Department of Cardiothoracic Surgery, The First People's Hospital of Yunnan Province, Kunming, Yunnan, China.
Health Research Institute, University of Canberra, Kirinari St, Bruce, ACT, 2617, Australia.
Cardiovasc Diabetol. 2019 Jan 30;18(1):14. doi: 10.1186/s12933-019-0817-1.
Carotid artery intima-media thickness (cIMT) progression is a surrogate marker of atherosclerosis with a high predictive value for future CVD risk. This study evaluates the comparative efficacies of lipid lowering, hypoglycemic, antihypertensive and antiplatelet medications on cIMT progression.
We conducted a network meta-analysis (NMA) to evaluate the relative efficacies of several drug classes in modifying cIMT progression. After a literature search in several electronic databases, studies were selected by following predetermined eligibility criteria. An inverse variance-heterogeneity model was used for NMA. Sensitivity analyses were performed to check the reliability of the overall NMA, and transitivity analyses were performed to examine the effects of modifiers on the NMA outcomes.
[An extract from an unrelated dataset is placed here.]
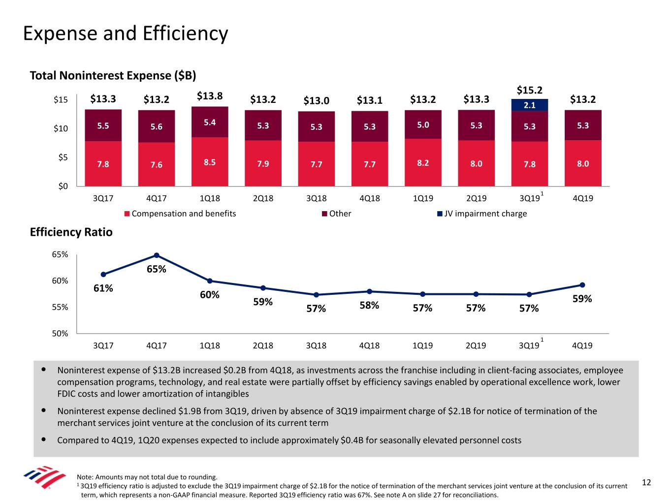 Expense and Efficiency Total Noninterest Expense ($B) $15.2 $15 $13.3 $13.8 $13.3 $13.2 $13.2 $13.0 $13.1 $13.2 2.1 $13.2 5.4 $10 5.5 5.6 5.3 5.3 5.3 5.0 5.3 5.3 5.3 $5 7.8 7.6 8.5 7.9 7.7 7.7 8.2 8.0 7.8 8.0 $0 1 3Q17 4Q17 1Q18 2Q18 3Q18 4Q18 1Q19 2Q19 3Q19 4Q19 Compensation and benefits Other JV impairment charge Efficiency Ratio 65% 65% 60% 61% 60% 59% 59% 55% 57% 58% 57% 57% 57% 50% 1 3Q17 4Q17 1Q18 2Q18 3Q18 4Q18 1Q19 2Q19 3Q19 4Q19 • Noninterest expense of $13.2B increased $0.2B from 4Q18, as investments across the franchise including in client-facing associates, employee compensation programs, technology, and real estate were partially offset by efficiency savings enabled by operational excellence work, lower FDIC costs and lower amortization of intangibles 1 • Noninterest expense declined $1.9B from 3Q19, driven by absence of 3Q19 impairment charge of $2.1B for notice of termination of the merchant services joint venture at the conclusion of its current term • Compared to 4Q19, 1Q20 expenses expected to include approximately $0.4B for seasonally elevated personnel costs Note: Amounts may not total due to rounding. 1 3Q19 efficiency ratio is adjusted to exclude the 3Q19 impairment charge of $2.1B for the notice of termination of the merchant services joint venture at the conclusion of its current 12 term, which represents a non-GAAP financial measure. Reported 3Q19 efficiency ratio was 67%. See note A on slide 27 for reconciliations.
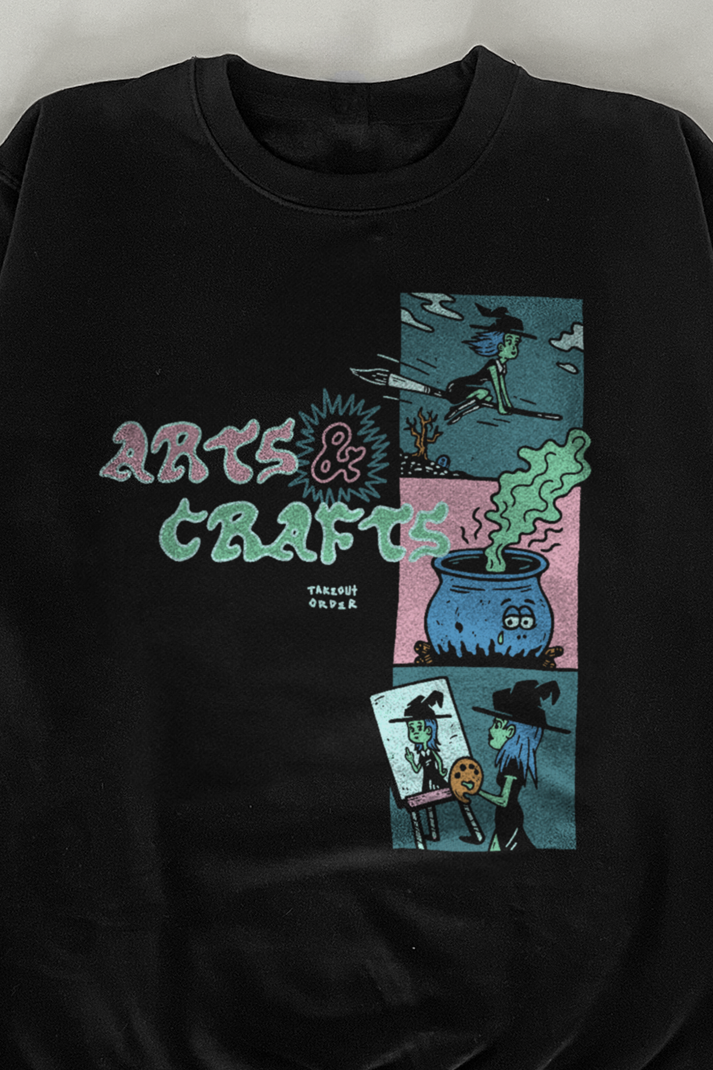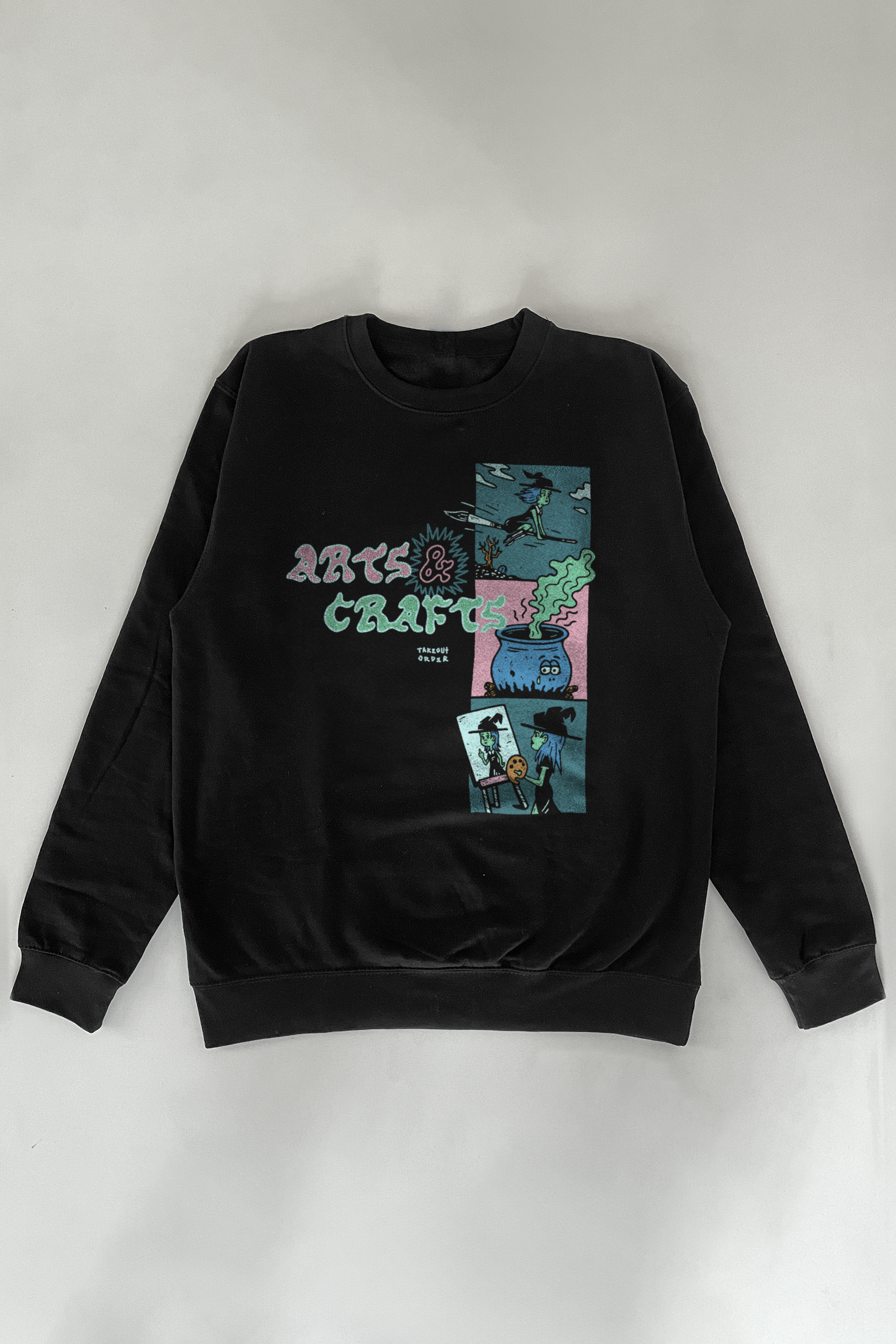 A mid-weight unisex pullover crewneck sweatshirt featuring an oversized print of a 'Witch and Cauldron.' Fit runs on the smaller side, size up for oversized look.

Data were taken from 47 studies (15,721 patients; age: 60.2 years [95% confidence interval (CI) 58.8, 61.6]; BMI: 27.2 kg/m [95% CI 26.4, 28.0]; and gender: 58.3% males [95% CI 48.3, 68.3]). Treatment duration was 25.8 months [95% CI 22.9, 28.7]. Of the 13 drug classes in the network, treatment with phosphodiesterase III inhibitors was the most effective in retarding annual mean cIMT against network placebo (weighted mean difference (WMD) - 0.059 mm [95% CI - 0.099, - 0.020) followed by the calcium channel blockers (WMD - 0.055 mm [95% CI - 0.099, 0.001]) and platelet adenosine diphosphate inhibitors (WMD - 0.033 mm [95% CI - 0.058, 0.008]). These 3 drug classes also attained the same positions when the NMA was conducted by using first-year changes in mean cIMT. In transitivity analyses, longer treatment duration, higher body mass index (BMI), and a higher baseline cIMT were found to be independently associated with a lesser reduction in annual mean cIMT. However, in a multivariate analysis with these 3 modifiers, none of these factors was significantly associated with annual change in mean cIMT. In the placebo group, age was inversely associated with annual change in mean cIMT independently.
Phosphodiesterase III inhibitors and calcium channel blockers are found more effective than other drug classes in retarding cIMT progression. Age, BMI, and baseline cIMT may have some impact on these outcomes.
颈动脉内膜中层厚度(cIMT)进展是动脉粥样硬化的替代标志物,对未来心血管疾病风险具有较高的预测价值。本研究评估了降脂、降糖、降压和抗血小板药物对 cIMT 进展的相对疗效。
我们进行了一项网络荟萃分析(NMA),以评估几种药物类别的相对疗效,以改变 cIMT 的进展。在几个电子数据库中进行文献检索后,根据预先确定的纳入标准选择研究。采用逆方差-异质性模型进行 NMA。进行敏感性分析以检查整体 NMA 的可靠性,并进行转换分析以检查修饰符对 NMA 结果的影响。
数据来自 47 项研究(15721 名患者;年龄:60.2 岁[95%置信区间(CI)58.8,61.6];BMI:27.2kg/m[95%CI 26.4,28.0];性别:58.3%男性[95%CI 48.3,68.3])。治疗持续时间为 25.8 个月[95%CI 22.9,28.7]。在网络中的 13 种药物类别中,磷酸二酯酶 III 抑制剂在阻止年度平均 cIMT 相对于网络安慰剂方面最为有效(加权平均差异(WMD)-0.059mm[95%CI-0.099,-0.020]),其次是钙通道阻滞剂(WMD-0.055mm[95%CI-0.099,0.001])和血小板二磷酸腺苷抑制剂(WMD-0.033mm[95%CI-0.058,0.008])。当使用第一年平均 cIMT 的变化进行 NMA 时,这 3 种药物类别也处于相同位置。在转换分析中,发现治疗持续时间较长、体重指数(BMI)较高和基线 cIMT 较高与每年平均 cIMT 的减少较少独立相关。然而,在使用这 3 个修饰符进行的多变量分析中,这些因素均与平均 cIMT 的年度变化无显著相关性。在安慰剂组中,年龄与平均 cIMT 的年度变化呈负相关。
与其他药物类别相比,磷酸二酯酶 III 抑制剂和钙通道阻滞剂在减缓 cIMT 进展方面更为有效。年龄、BMI 和基线 cIMT 可能对这些结果有一定影响。